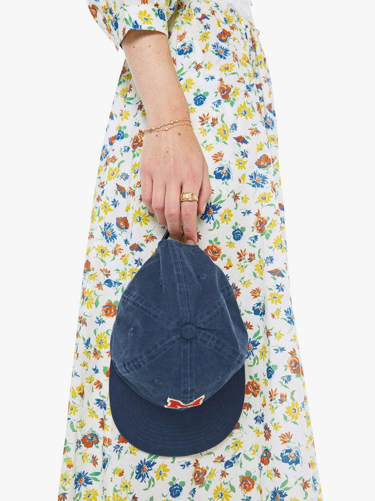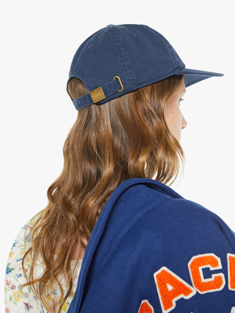 Think fast. A dad hat by Mother Denim designed in navy 100% cotton with an M embroidered in red and white on the front.
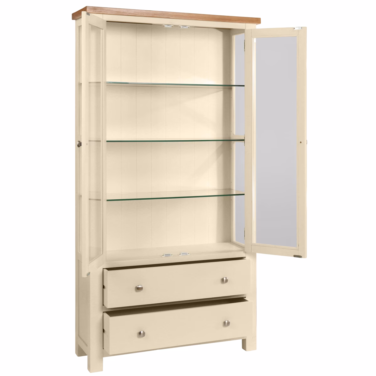 Designed to showcase your favourite pieces in style, the Keswick Ivory Glazed Display Cabinet combines elegant presentation with practical storage. Glass sides and glazed doors allow light to flow through the cabinet, making it ideal for displaying glassware, decorative items or cherished collections, while the Ivory painted finish keeps the look light and refined.
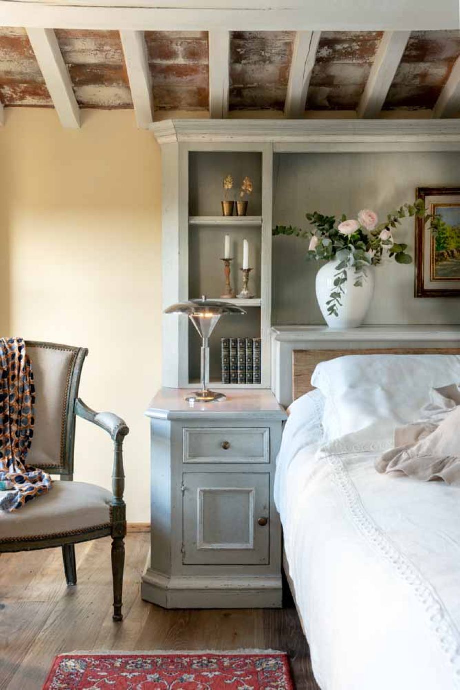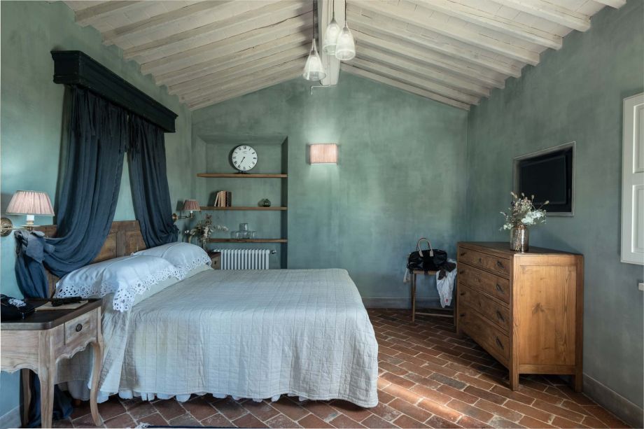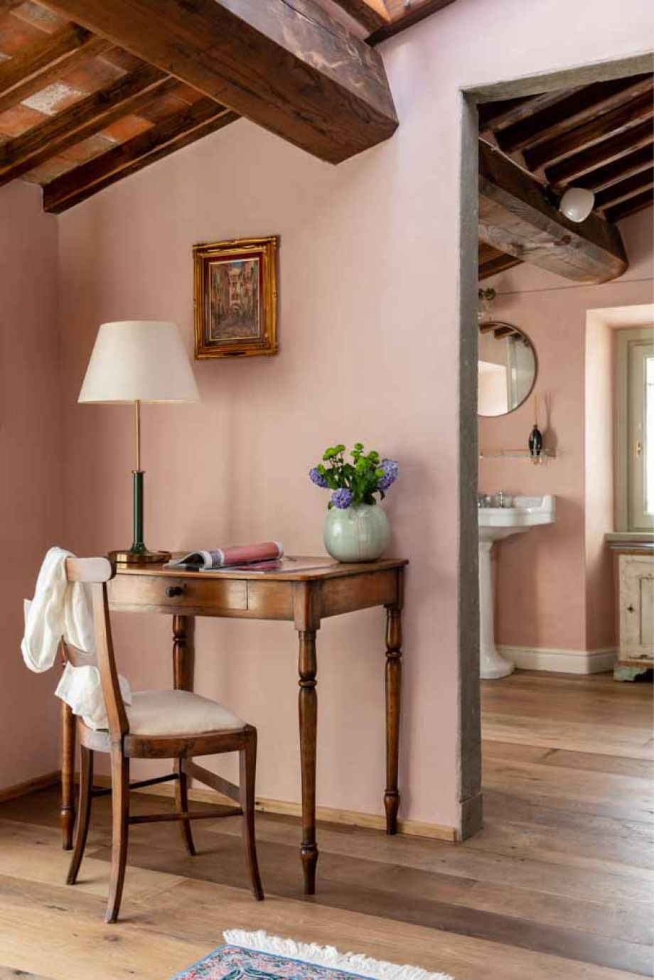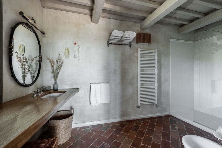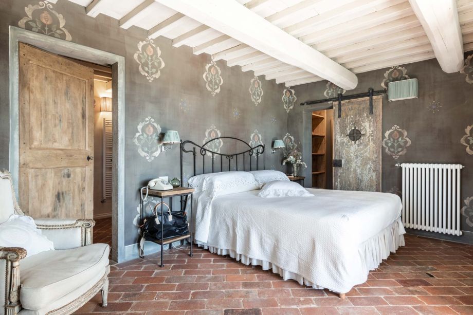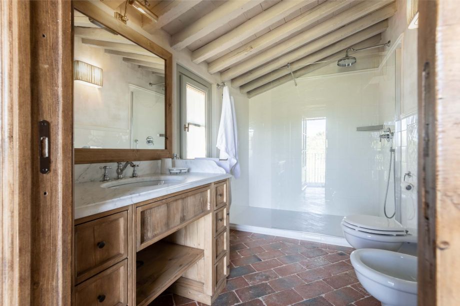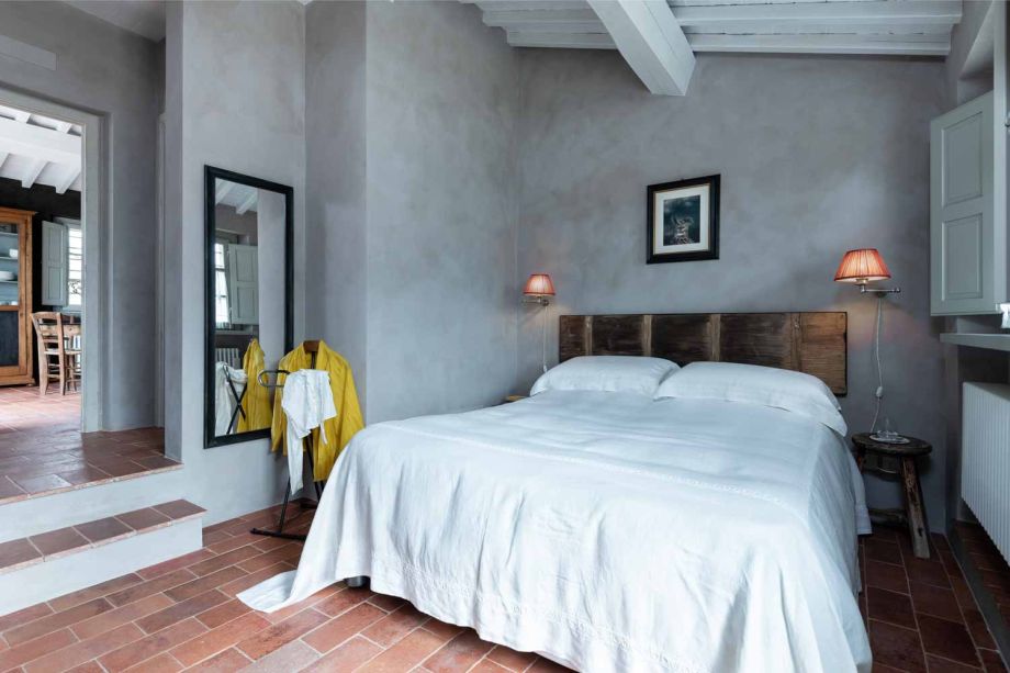 Al primo piano dell’abitazione principale, con affaccio a sud, letto matrimoniale con testata dipinta a olio e un ampio bagno con doppio lavabo e due finestre, una delle quali regala un piccolo scorcio panoramico sul castello di Buggiano.
^^^^^^^^^^^^^^^^
◆ **What is being asked**
Write out the listing above in full, word for word, with no pictures.

◆ **Solution for this exercise**
 Think fast. A dad hat by Mother Denim designed in navy 100% cotton with an M embroidered in red and white on the front.
 Designed to showcase your favourite pieces in style, the Keswick Ivory Glazed Display Cabinet combines elegant presentation with practical storage. Glass sides and glazed doors allow light to flow through the cabinet, making it ideal for displaying glassware, decorative items or cherished collections, while the Ivory painted finish keeps the look light and refined.
 Al primo piano dell’abitazione principale, con affaccio a sud, letto matrimoniale con testata dipinta a olio e un ampio bagno con doppio lavabo e due finestre, una delle quali regala un piccolo scorcio panoramico sul castello di Buggiano.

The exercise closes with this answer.